In lofty comfort he looked down on the bright white city with its deep blue bay. I had to see his room.

But No. 35 was taken, I was told, by an artist from Japan who had reserved it for one month.

"Then I'm sure she won't mind if I knock on her door." A most reluctant clerk led the way.

Maria Takakuwa smiled at my request and showed me into the rather small, simple room. It was sparsely furnished in hard, square 1930s style, certainly not the decor of Matisse's time. But the same tall shutters stood open, and palettes, brushes and tubes of oil littered the room and covered the bed.

She motioned me into the large, old-fashioned bathroom. There, on two straight-backed chairs, Takakuwa had propped the big canvas she was working on.

"This," she said, pointing out the bathroom window, "was Matisse's view." Together we leaned on the sill and looked out.

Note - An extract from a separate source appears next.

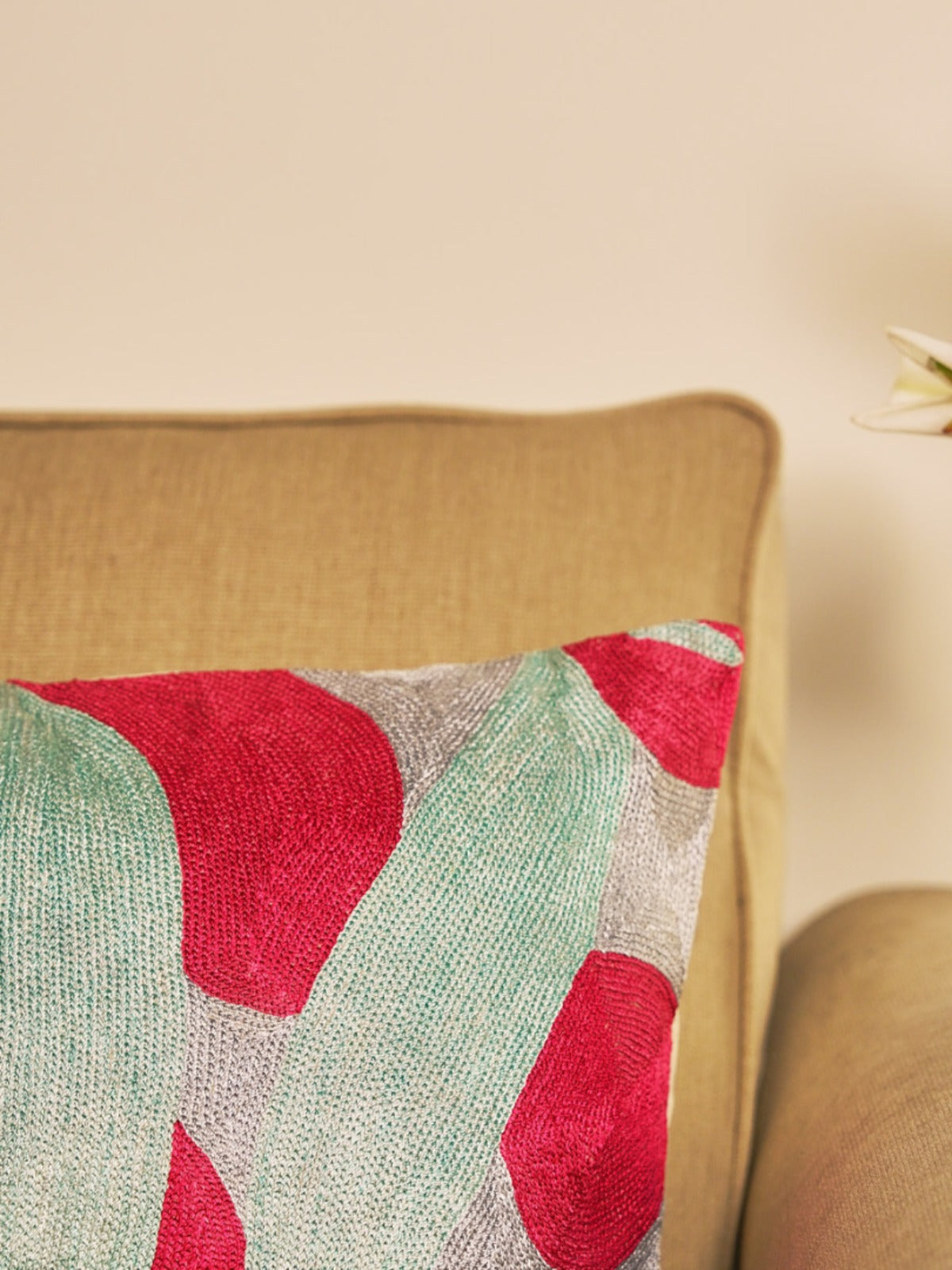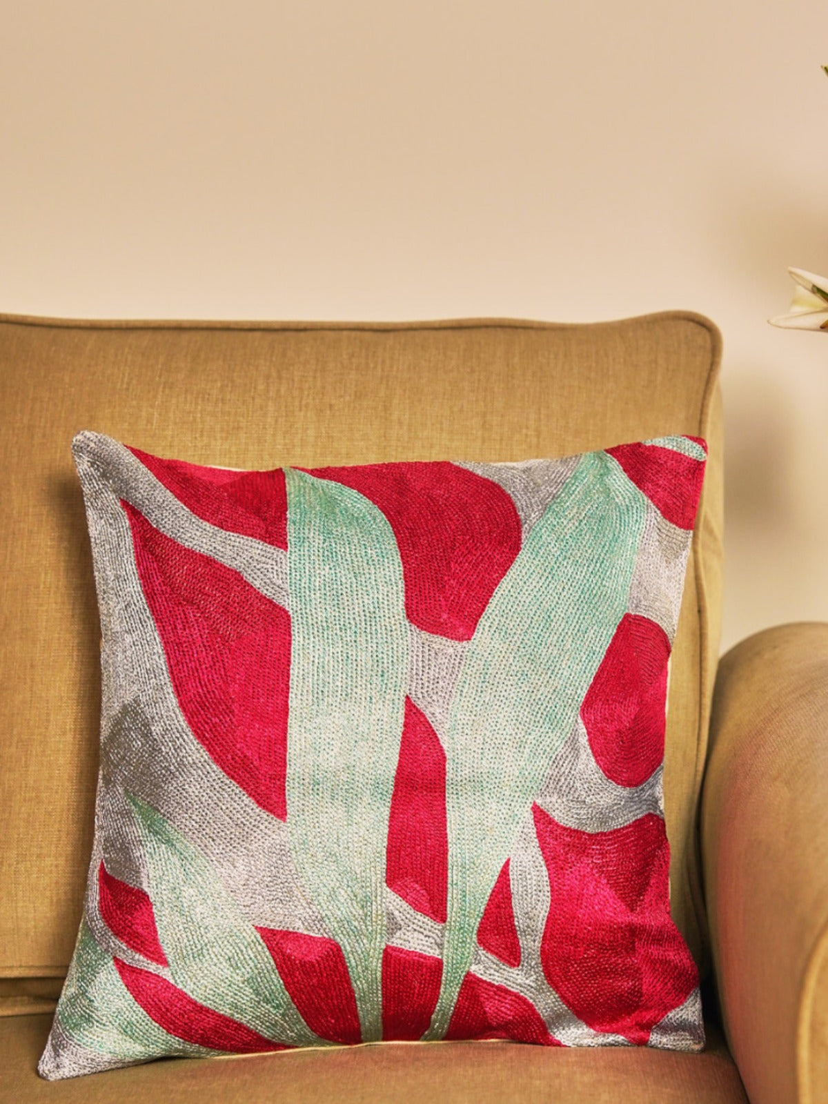 An elegant cushion cover with abstract leafy pattern hand-embroidered by our talented artisans. The base material is a mill dyed cotton fabric called Dusooti. Silk threads are used to make chainstitches that create floral motifs. Crafted with love and detail exclusively for your space to stand out from rest.All Chaar Chinar products are handcrafted with love. No two products will be exact replicas as variations are natural to the handcrafting process.

Below we saw what Matisse painted in the "Landscape Viewed From a Window": the green tiled roofs and square white steeple of St. Andrew's English church, now nearly hidden by date palms and evergreens; the white city; the tall, square, tiled minaret; the casbah on the distant hill, and the sapphire Mediterranean Sea beyond. It was a magic moment.

Later, a small boy led me through a maze of alleyways in the medina, up a narrow, steep street of shallow steps to the casbah. We entered through the Bab el Aassa or lookout gate.

Here Matisse set up his easel to paint the distant view of Tangier. He used the gate as a frame--foreshortening, rearranging and adding elements to suit his composition until all that remained the same as the real setting was the typical shape of the gate and the distinctively Moroccan mood in his magnificent painting, "Casbah Gate."

Next to the Bab el Aassa is the wall fountain, dry now, but its brightly colored patterned tiles that appear so often in Matisse's paintings are still in place.

In the casbah is Dar el Maghzen, a former royal palace, now a museum, where Matisse presumably studied the beautiful tile work, wandered in the garden and absorbed the Islamic atmosphere.

It was a new, exotic world. Its impact, according to Cowart, was "the hinge" between Matisse's earlier European Fauve style and his more original, powerful later work.